12. Sri K. Manikyala Rao, the learned counsel for the petitioners would contend that the petitioners’ possession over the land qua ‘D’ form patta would be in jeopardy on account of the rejection of application under Regulation 2 of 1970 for grant of a ryotwari patta. This apprehension has no basis. None of the orders either by the Director of Settlement or the Commissioner of Appeals impugned herein have invalidated the ‘D’ form patta granted in favour of Sri Sunder Rao. What all has been ordered by the Director of Settlement and the Commissioner of Appeals is that the order of the Settlement Officer in respect of Sri Sunder Rao as to his entitlement to grant of a ryotwari patta under the provisions of Regulation 2 of 1970 is unsustainable.
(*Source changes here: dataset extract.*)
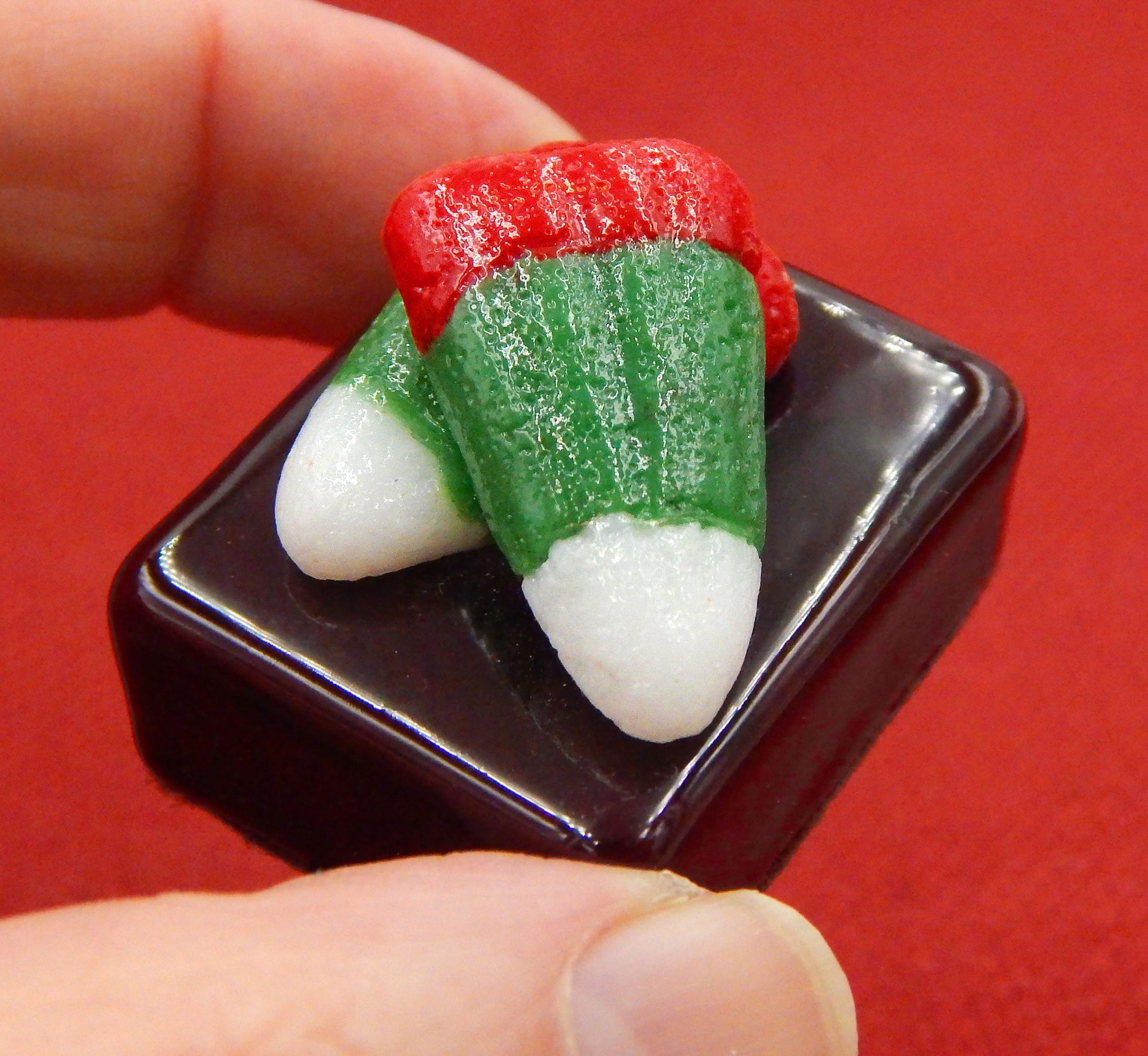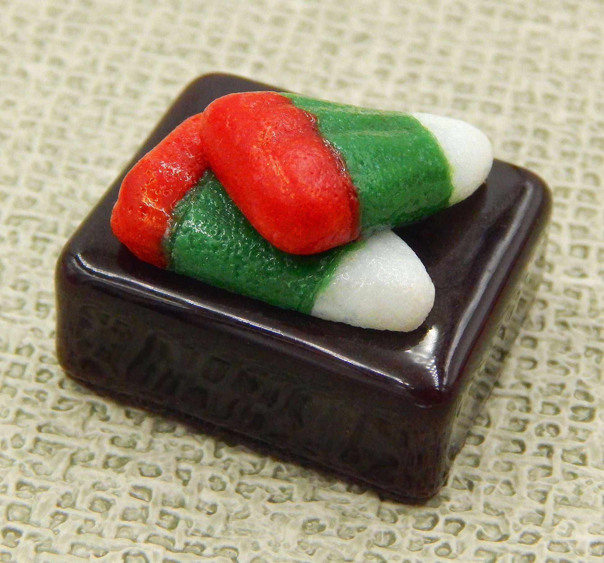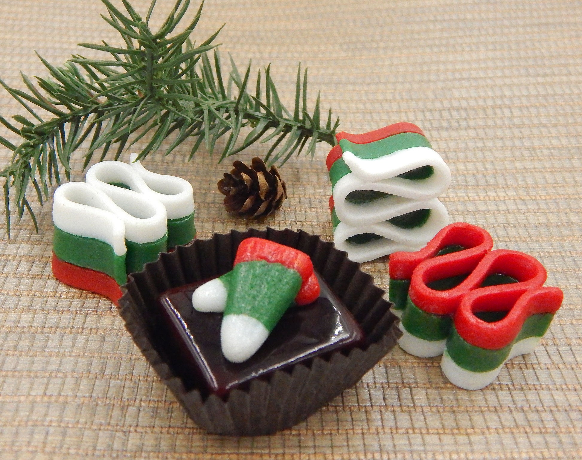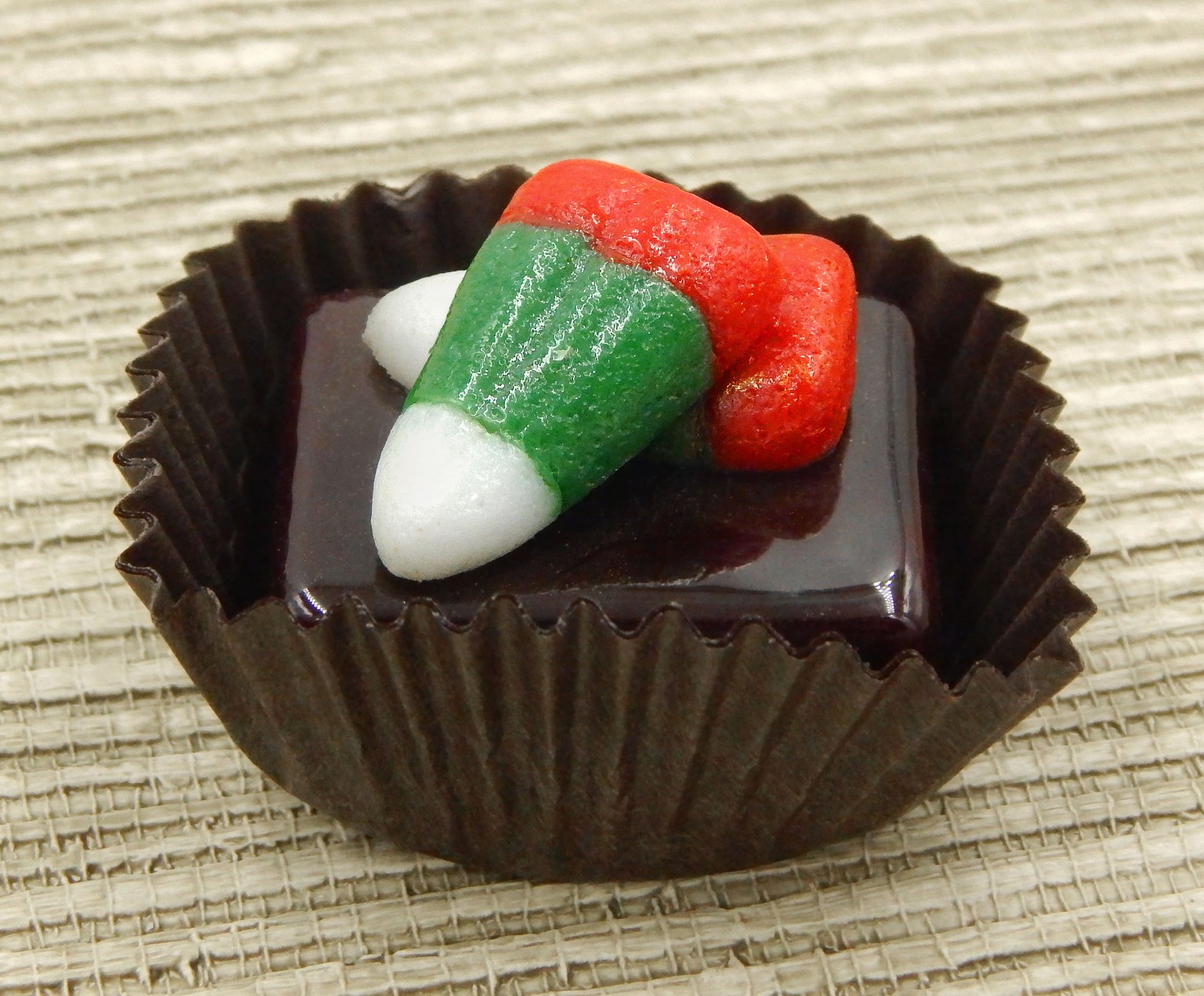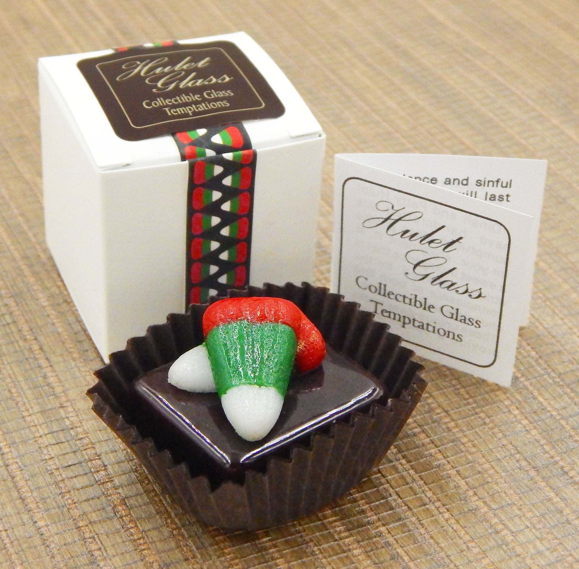 A handmade collectible solid glass chocolate with Christmas Candy Corn on top created from colorful glass utilizing ancient pate de verre and lampworking techniques. Meticulous attention to detail has gone into the construction of each of our pieces to enhance its appeal and collectibility.

This finding is impeccable qua the provisions of Regulation 2 of 1970 as analyzed hereinabove. Since the patta granted in favour of Sunder Rao and inhering in favour of the petitioners as the legal heirs of Sunder Rao dated 23-03-1976 is intact and has not been shown to be withdrawn or cancelled, such entitlement as is available qua the grant of ‘D’ form patta is not effaced by the orders of the Director of Settlements or of the Commissioner of Appeals. This apprehension of the petitioners is therefore misconceived. 13. On the analysis above, as there is no error in the order impugned, there is no merit in the writ petition either which is accordingly dismissed after hearing the learned counsel for the petitioners Sri K. Manikyala Rao and the learned Government Pleader for Assignments for respondents. No costs.